My answer to Linda is no, income inequality was not a cause of the financial crisis, let alone a critical cause.
The financial crisis was caused by debt-financed financial speculation gone bad. While one is free to argue that wealth inequality arising from income inequality resulted in a lot of money seeking the high yields offered by financial speculation, if people hadn't used that money to borrow more money to leverage their bets, none of this would have happened.
The financial crisis caused the current economic downturn, called the "Great Recession" by Reich, which government hacks recently declared "over" back in June 2009 (although Bernanke and his cadre don't seem to believe it, either; you don't employ quantitative easing with a healthy economy).
Now we're at the point to ask whether income inequality matters. Specifically, is the current economic downturn being prolonged by income inequality?
The facile answer would be yes; however, the correct answer is no.

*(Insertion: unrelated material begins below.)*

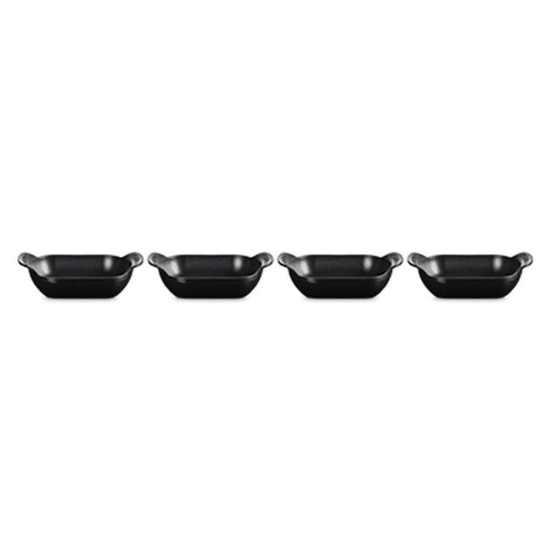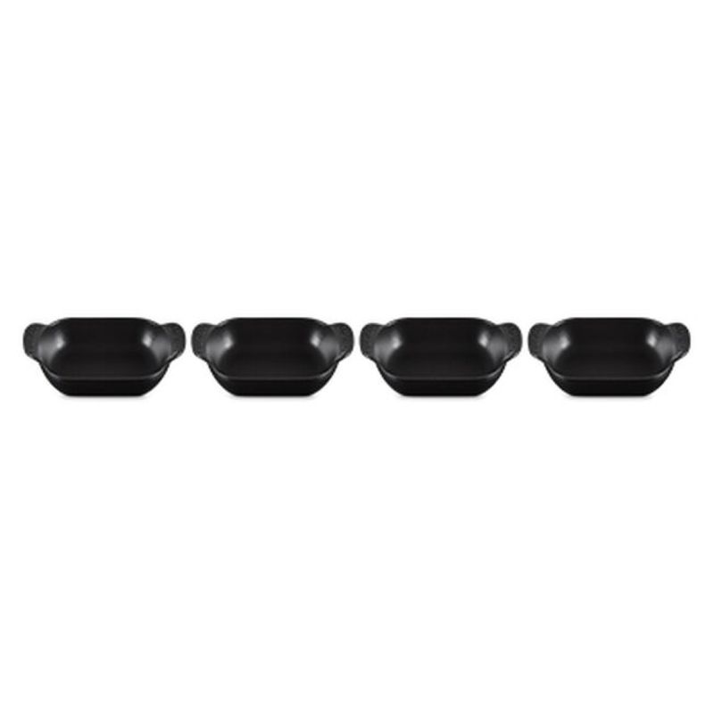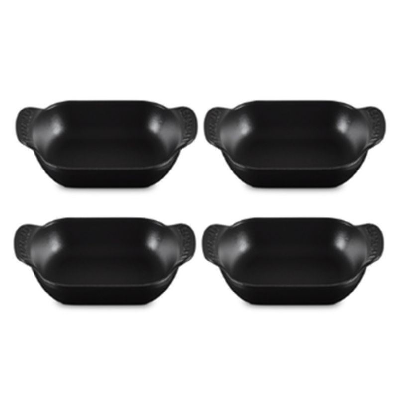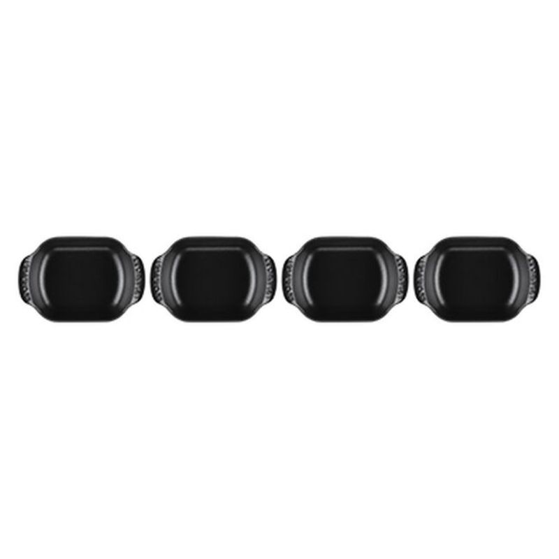 O Set com 4 Assadeiras Retangulares Gourmand 13cm foi desenvolvido para quem busca praticidade e elegância ao servir. Com formato retangular e perfil baixo, é ideal para levar do forno à mesa pratos principais individuais, acompanhamentos, massas ou sobremesas. Com design sofisticado e desempenho excepcional, este set combina funcionalidade e estilo, ideal para preparar e servir refeições de forma prática e elegante. - Destaques:• Paredes internas curvas e fundo plano que facilitam o preparo, o servir e a limpeza• Alças exclusivas, maiores e curvadas para cima, que oferecem mais conforto no manuseio• Empilháveis para praticidade na hora de servir, lavar e guardar• Ferro fundido esmaltado com distribuição e retenção de calor superiores, mantendo os alimentos quentes ou frios por mais tempo• Totalmente esmaltada, pronta para usar• Esmalte preto fosco fácil de limpar, resistente a manchas, riscos, lascas, trincas e ferrugem• Desenvolve pátina natural ao longo do tempo, melhorando a performance de cozimento• Segura em todas as fontes de calor, incluindo indução, até 450°C• Compatível com lava-louças residenciais e industriais, e com utensílios de metal - Especificações:• Tamanho: 13cm• Comprimento: 6,3cm• Largura: 4,4cm• Altura: 1,8cm• Material: Ferro Fundido• Fonte de Calor: Vitrocerâmico, Indução, Elétrico, Gás, Radiante, Grill, Forno• Modo de Lavagem: Lava Louças, Lavagem a Mão• País de Origem: França

Income inequality is a necessary but insufficient condition for suppressing demand (i.e. spending). To suppress demand in the manner that we're currently witnessing requires income inequality coupled with debt inequality, which for the bottom 90% of American households is best measured by the debt-to-wage ratio. If people did not have to spend their (increasingly shrinking) wages on servicing existing, overvalued debt, it would be available to spend on new purchases.
Unfortunately, the debt-to-wage ratio is something that is not tracked by anyone (at least to my knowledge). I've seen the debt-to-income ratio and the savings rate, but both are typically tracked using BEA data, which, as I've documented previously, is highly suspect due to the fictional "imputations" it uses to inflate personal income, personal disposable income, and savings. IRS income data appears to be much more realiable (unlike BEA and Fed data, it is not subject to subsequent, self-serving revisions that can be detected only by reviewing old Census reports that captured the original data like a fly in amber), and Professor Emmanual Saez of UC Berkeley has a great IRS-based dataset available here (and lots of papers based on that dataset, in its various incarnations). The Fed tracks debt data itself, but it relies on BEA data for income, disposable income, savings, etc. Every few years, the Fed conducts its "Survey of Consumer Finances," which provides some information that is useful in connecting the dots between debt and income, but not necessarily between debt and wages.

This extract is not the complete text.